The Republican Party faithful tend to be in love with this fantasy of the new sheriff who rides into town and shows everyone who is boss. It dates back to their love affair with the original cowboy viz Ronald Reagan who didn't let his governorship of a state as big as California get in the way of this Hollywood-esque bio of the straight-shooting shitkicker riding into Washington DC.
But the quest for the ultimate outsider is sending the party further and further to the fringes as it seeks to find the man who will unseat Barack Obama. In the process, it's happy to ride roughshod over the man who might actually have a good chance at doing exactly that.
Jon Hunstman, the former governor of Utah, is the kind of conservative who could reach across party lines despite being solidly pro-life and anti-tax. Mother Jones calls him "the Democrat's Republican". In a field filled with crazies like Michele Bachman, Huntsman sounds like a rational moderate, worrying that the Republican Party is becoming the "anti-science party". But he fails the litmus test for conservative purity in a party dominated "by an alliance of religious extremists and warmongers", writes James Joyner, publisher of Outside the Beltway.
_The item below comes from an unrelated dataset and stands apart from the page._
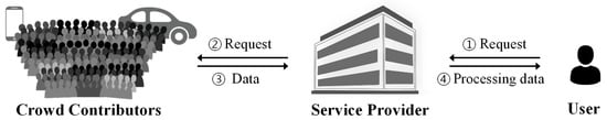 Mobile crowdsensing (MCS) technology is a paradigm that has emerged with the development of mobile devices and mobile communication technologies, such as smartphones and cars, with high processing speeds and multiple sensors. As shown in Figure 1, MCS technology has a structure wherein the service provider collects and processes the sensing data generated by using the sensing, computing, and communication functions of the corresponding devices of a crowd, and provides a new service to users based on these data and functionalities. The characteristics of MCS, compared to those of traditional wireless sensor networks, have been presented in past literature []. Among these, we introduce four MCS characteristics related to the system proposed in this paper.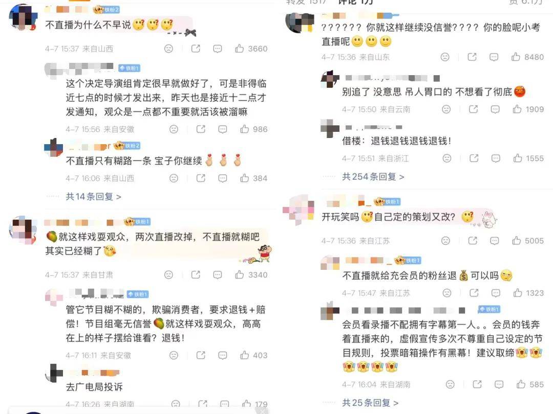 虽然开播热度指向了“爆款”,但是随着4月7日官方微博发布直播推迟一天,并改为录播,消息一出,引发轩然。观众的负面评价集中在:节目以“全程直播”为卖点吸引会员充值,却屡次更改播出形式,疑似节目组存在虚假宣传行为。

So Huntsman has to defend himself against charges that he's some kind of a turncoat for having been Obama's ambassador to China. "I just think it's most likely that the person who should represent our party running against President Obama is not someone who called him a remarkable leader and went to be his ambassador in China," said Romney. As Ryan Lizza blogs in the New Yorker, that decision transformed him from a "successful popular governor from the most conservative state in the country into an employee of Obama, the most despised figure among G.O.P. primary voters."
Huntsman supporters say that's exactly the sort of person America needs, "a leader who can bring both sides together." Add to that, his fluency in Mandarin. If he was running for president of a multinational, he would be a shoo-in. But although the Republicans seem to be enamoured with the idea of the president as CEO, the primary voters aren't interested in any of the qualities that would make someone a good CEO in today's world. Except perhaps an anti-tax manifesto. They are only interested in taking down Obama. That hatred for Obama is a rallying point for the Republicans. But it's also turning into a gigantic blind spot as the party keeps veering to the right – warmonger, anti-immigrant, anti-science, anti-gay.
Democratic strategist and commentator Paul Begala writes in Newsweek that the Republican party faithful is so conservative now it would boo an Eisenhower off the stage. It would pillory Richard Nixon who created the Environmental Protection Agency which they want to abolish.
So if you were a successful Republican with eyes on the White House — one who actually believes the scientific consensus that carbon pollution harms the planet, or that contraception prevents abortion, or that gay Americans don’t have cooties—you would figure out pretty quickly that you could not survive in today’s GOP.
The GOP faithful rhapsodise over a hardcore conservative albeit defeated senator like Rick Santorum who wants to pick fights about gays and contraception (issues most middle of the road voters care little about) and they end up settling for a plastic action figure like Mitt Romney who seems vaguely electable. That in primary parlance means someone who has been running for so long, he is beginning to look like a guy a casting director would pick to play president in a B-grade Hollywood disaster movie.